Some 8,000 people die in the UK every year due to what is being called “fuel poverty” or, more simply, when it costs too much to heat your home. Naturally the left is already on the case, staging “die-ins” outside energy companies and demanding that carbon credits be used to make homes “super-energy efficient.”
Left out of the equation is that rising fuel prices can in no small part be attributed to the environmental mania which is at the heart of the movement. It isn’t oil and gas companies that are killing the elderly with high fuel prices. It’s carbon mania and environmentalism. Energy companies are not run by saints, but they don’t have an interest in putting oil and gas prices out of reach of ordinary people. It’s hard to sell home heat to the dead or the destitute. On the other hand environmentalists do indeed have that agenda.
When Obama’s energy secretary communicates that he has no interest in lowering the price of gasoline, instead focusing on energy efficiency and clean energy, he’s following the same inhumane line which has made it so expensive to drive a car or heat a home in Europe.
Talk of using carbon credits for “super-energy efficiency” is an admission that a movement using dead seniors as a prop is actually pushing to make energy use as expensive as possible and to reduce usage as much as possible. The “die-in” crowd isn’t for lowering energy prices — it’s for adding more taxes that will benefit energy efficiency and clean energy experts.
Say what you will about energy companies, but their business plan generally involves getting a product to market. The energy plan on the government side is to make energy more expensive and keep as much of it off the market as possible. The costs of their policies are not just a talking point. They are a grim reality.
The family that has to choose between feeding their children or being able to afford to drive to work or heat their home is not a talking point; they are the new Kulaks, the victims of ideological government policy that has no problem with watching people die so long as it gets its way.
Stalin killed millions to industrialize the Soviet Union.
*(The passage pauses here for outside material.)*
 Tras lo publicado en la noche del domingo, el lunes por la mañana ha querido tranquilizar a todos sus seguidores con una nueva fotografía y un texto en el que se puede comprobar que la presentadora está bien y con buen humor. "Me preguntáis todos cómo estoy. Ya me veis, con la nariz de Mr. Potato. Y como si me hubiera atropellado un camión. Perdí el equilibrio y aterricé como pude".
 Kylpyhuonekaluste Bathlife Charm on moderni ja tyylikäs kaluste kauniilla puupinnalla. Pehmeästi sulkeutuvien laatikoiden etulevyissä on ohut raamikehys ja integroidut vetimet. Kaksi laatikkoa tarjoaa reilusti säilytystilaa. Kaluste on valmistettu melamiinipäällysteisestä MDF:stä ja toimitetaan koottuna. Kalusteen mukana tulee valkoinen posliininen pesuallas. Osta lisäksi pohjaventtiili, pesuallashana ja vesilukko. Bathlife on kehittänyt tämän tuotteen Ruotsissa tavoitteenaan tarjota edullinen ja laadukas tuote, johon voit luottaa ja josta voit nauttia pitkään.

The New Left will kill millions to deindustrialize the West. It’s already doing it. While its activists are trying to peg the blame for fuel poverty fatalities on a government which is badly out of cash, it need look no further than its own activists and celebrities who preach the green life from their mansions.
In a more reasonable world, Lucy Lawless’ drilling publicity stunt would be connected directly to high energy prices. Instead the media cheers her on and denounces the government for not diverting enough carbon credits to its latest scheme. But while they lecture on the menace of global warming, ordinary people are freezing to death.
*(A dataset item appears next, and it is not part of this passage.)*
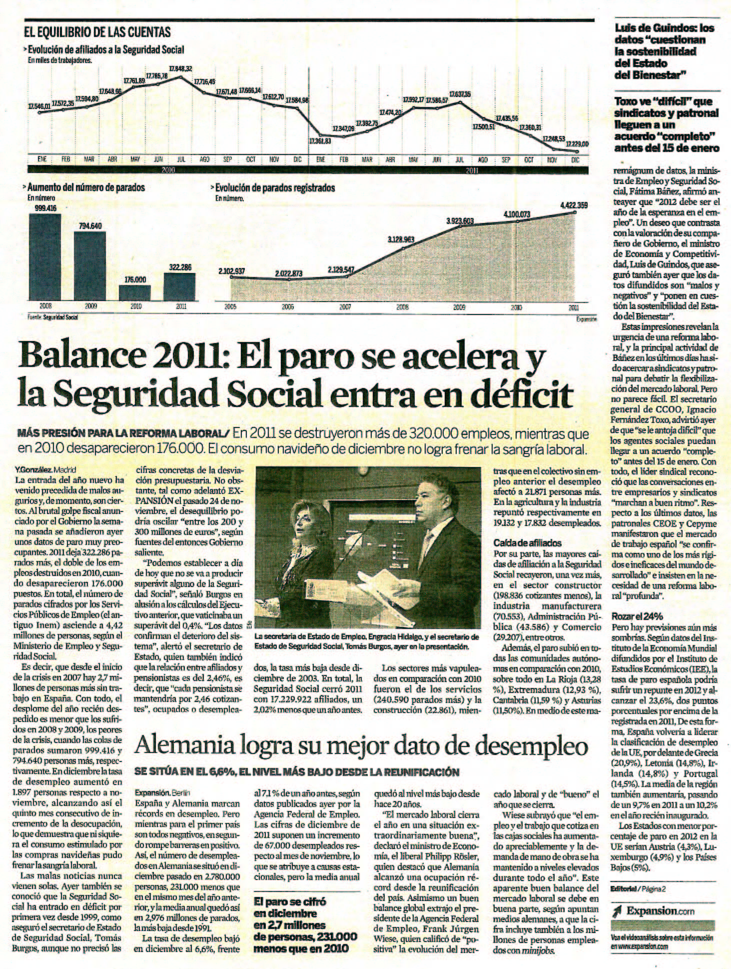 Balance 2011: El paro se acelera y la Seguridad Social entra en deficit.

Clear energy has become the new Communism, an ideological program that can never be achieved, but for which we must all strive no matter how many die all along the way. In Scotland, the perennially deranged Scottish National Party has called for generating 100 percent of the country’s electricity from wind, wave and tidal power by 2020. He may have only left out the fairies. This plan would add 900 pounds to the average fuel bill. Which is how fuel poverty gets started.
Wales, which has the highest fuel poverty rate in the UK, is working on one of Europe’s largest wind farms and has a plan for total clean energy by 2025, if anyone is still alive and hasn’t frozen to death. Wind farms don’t tend to do too well in the cold, and human beings don’t tend to do too well without heat.
The current “green” policies will see higher prices for two out of three homes in the UK by the end of the decade. And while it’s easy to blame energy companies for that, it’s government policies that are responsible, especially when companies and homeowners get saddled with the cost of wind farms and various voodoo measures to fight global warming that mainly end up putting money in the pockets of the well-connected.
Americans complaining about high gas and oil prices can buckle up because what is happening in Europe is only a taste of what is coming this way. Last year UK petrol prices hit 6 pounds per gallon. That’s nearly 10 dollars, though for the imperial gallon, which is greater than the US gallon. If you think it costs a lot to fill up a tank now, consider that the UK has a better ratio of production to population than we do. The high prices aren’t an accident; they’re part of the green program.
The Obama agenda isn’t to make energy prices affordable. It’s to make them so horribly impossible to afford that we’ll use less energy. Fuel poverty is the agenda here and we know that’s so because he told us so.
“We can’t drive our SUVs and eat as much as we want and keep our homes on 72 degrees at all times and then just expect that other countries are going to say ok,” he said. And, “If somebody wants to build a coal-powered plant, they can; it’s just that it will bankrupt them because they’re going to be charged a huge sum for all that greenhouse gas that’s being emitted. That will also generate billions of dollars that we can invest in solar, wind, biodiesel and other alternative energy approaches.”